Categorize a datetime interval based on other datetime interval and put values on columns

I'm dealing with a hard challenge and I don't know how to solve it.
I have a dataframe like this:
Product_Name Start_Time End_Time
Product X 2021-10-20 20:32:00 2021-10-21 03:50:00
Product Y 2021-10-21 11:50:00 2021-10-21 16:00:00
Product Z 2022-01-11 20:10:00 2022-01-12 15:30:00
And I have 3 range time and a category for each one:
A: 05:01 to 14:00
B: 14:01 to 22:00
C: 22:01 to 05:00
What I want to do is calculate how much decimal hours each category (A,B and C) have based on "Start_Time" and "End_Time", reaching some like this:
Product_Name Start_Time End_Time A B C
Product X 2021-10-20 20:30:00 2021-10-21 03:50:00 0.00 1.50 5.82
Product Y 2021-10-21 11:50:00 2021-10-21 16:00:00 2.17 1.98 0.00
Product Z 2022-01-11 20:10:00 2022-01-12 15:30:00 8.98 3.31 6.98
Could you guys help me how to do it?
I'm a really beginner in python, pandas etc, and when I wrote the post first time I really had no ideia how to even start to code it.

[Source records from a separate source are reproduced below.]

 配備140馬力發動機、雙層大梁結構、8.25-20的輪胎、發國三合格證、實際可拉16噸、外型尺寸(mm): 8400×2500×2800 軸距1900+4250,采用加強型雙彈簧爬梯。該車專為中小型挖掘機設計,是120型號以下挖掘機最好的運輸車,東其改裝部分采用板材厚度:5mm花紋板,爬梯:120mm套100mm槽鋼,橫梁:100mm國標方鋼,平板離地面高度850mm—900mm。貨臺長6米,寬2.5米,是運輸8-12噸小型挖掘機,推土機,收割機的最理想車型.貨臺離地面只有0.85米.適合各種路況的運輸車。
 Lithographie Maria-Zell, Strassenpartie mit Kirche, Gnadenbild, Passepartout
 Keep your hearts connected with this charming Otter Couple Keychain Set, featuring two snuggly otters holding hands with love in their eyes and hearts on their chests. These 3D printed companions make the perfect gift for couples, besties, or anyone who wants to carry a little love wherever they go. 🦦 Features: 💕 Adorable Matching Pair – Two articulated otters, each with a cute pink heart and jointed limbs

So I start to think in something and I get this code, I'm sure it's not right, but I think it's a start of something:
start_a = 05:01:00
end_a = 14:00:00
start_b = 14:01:00
end_b = 22:00:00
start_c = 22:01:00
end_c = 05:00:00
if df['Start_Time'] > start_a and df['End_Time'] < end_a:
df['A'] = ( df['End_Time'] - start_a ) - ( end_a - df['Start_Time'] )
else:
df['A'] = 0
if df['Start_Time'] > start_b and df['End_Time'] < end_b:
df['B'] = ( df['End_Time'] - start_b ) - ( end_b - df['Start_Time'] )
else:
df['B'] = 0
if df['Start_Time'] > start_c and df['End_Time'] < end_c:
df['C'] = ( df['End_Time'] - start_c ) - ( end_c - df['Start_Time'] )
else:
df['C'] = 0
Your problem is a lot harder than I thought. One thing that has to be noticed is that the Start_Time and End_Time can have different dates. Furthermore, category C spans over two days. Both of these facts make the code a little bit complicated, but it seems to work.

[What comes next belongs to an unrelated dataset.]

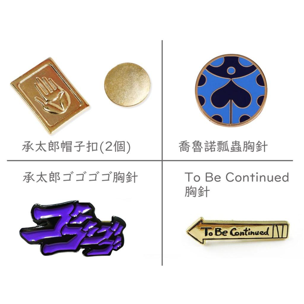 多種任選 ① 承太郎帽子扣(2個) 尺寸約2.5cm 80元 ② 喬魯諾瓢蟲 胸針 尺寸約3cm 80元 ③ ゴゴゴゴ胸針 尺寸約3cm 80元 ④ To Be Contiuned 胸針 尺寸約3cm 80元 ⑤ ①~④全帶 300元 ⑥ 替身之箭鑰匙圈  100元 類型: 胸針 / 徽章 材質: 鋁合金 運費可選擇 郵寄 則為25元的掛號寄出 15元以平信(無法追踪)寄出  ★隨機送專用保存袋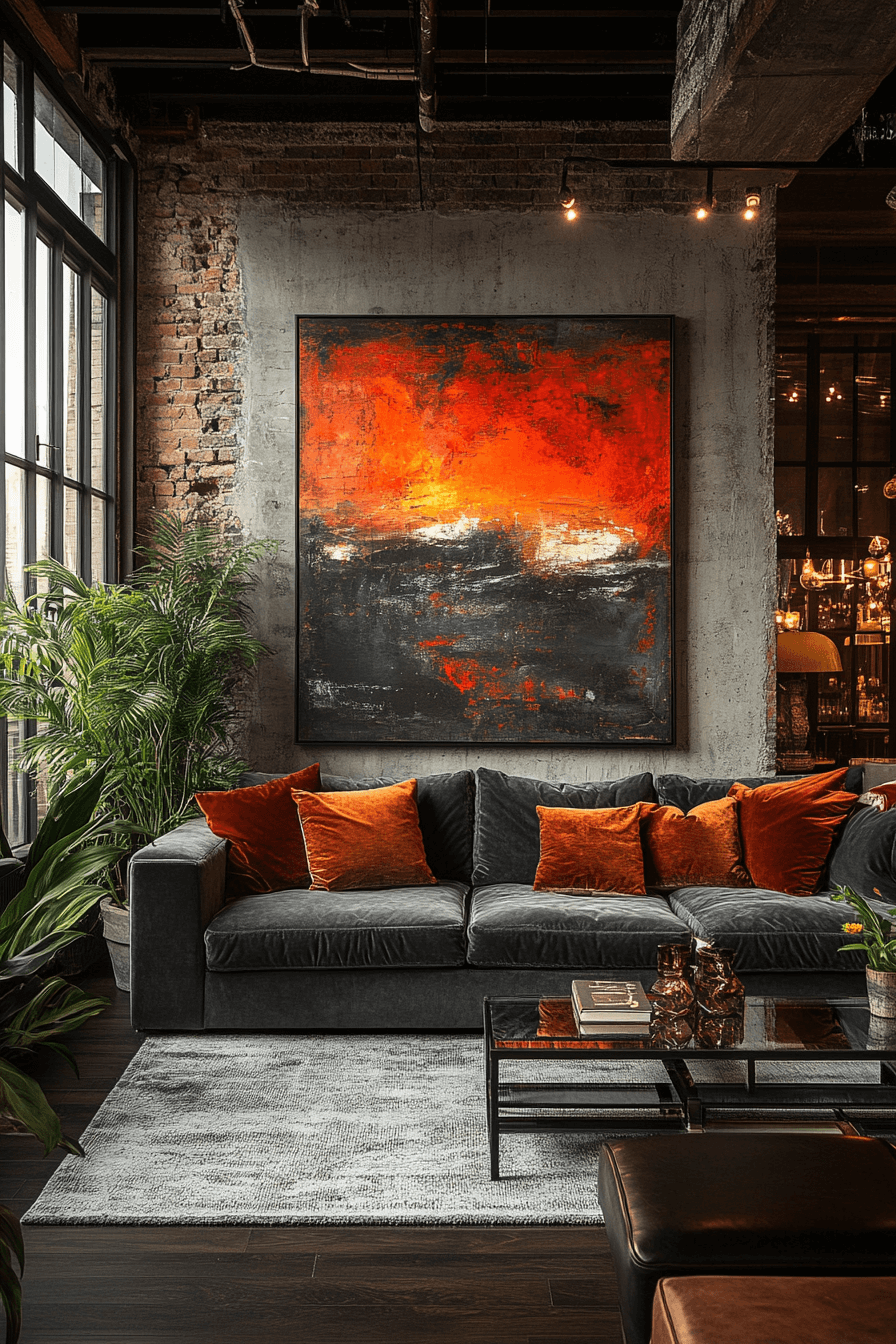 Loft-inspired openness gives a dark grey sofa living room dramatic presence. High ceilings and expansive layouts highlight the sofa as the focal anchor. Jewel-toned accents create rich contrast. Reflective surfaces amplify light and dimension. The atmosphere feels luxurious yet contemporary. Embrace loft-style sophistication and transform your space today.

First, the setup for your problem. I created your data frame and created the variables. Important is that these structures have the correct data types.
import pandas as pd
from io import StringIO
from datetime import datetime, time, date, timedelta
# Create your data frame
data = StringIO("""Product_Name Start_Time End_Time
Product X 2021-10-20 20:32:00 2021-10-21 03:50:00
Product Y 2021-10-21 11:50:00 2021-10-21 16:00:00
Product Z 2022-01-11 20:10:00 2022-01-12 15:30:00""")
df = pd.read_csv(data, sep=' ', engine='python')
# Convert the columns to date time format
df[["Start_Time", "End_Time"]] = df[["Start_Time", "End_Time"]].apply(pd.to_datetime)
# Create the range start and end time as datetime format
start_a = datetime.strptime('05:01:00', '%H:%M:%S')
end_a = datetime.strptime('14:00:00', '%H:%M:%S')
start_b = datetime.strptime('14:01:00', '%H:%M:%S')
end_b = datetime.strptime('22:00:00', '%H:%M:%S')
start_c = datetime.strptime('22:01:00', '%H:%M:%S')
end_c = datetime.strptime('05:00:00', '%H:%M:%S')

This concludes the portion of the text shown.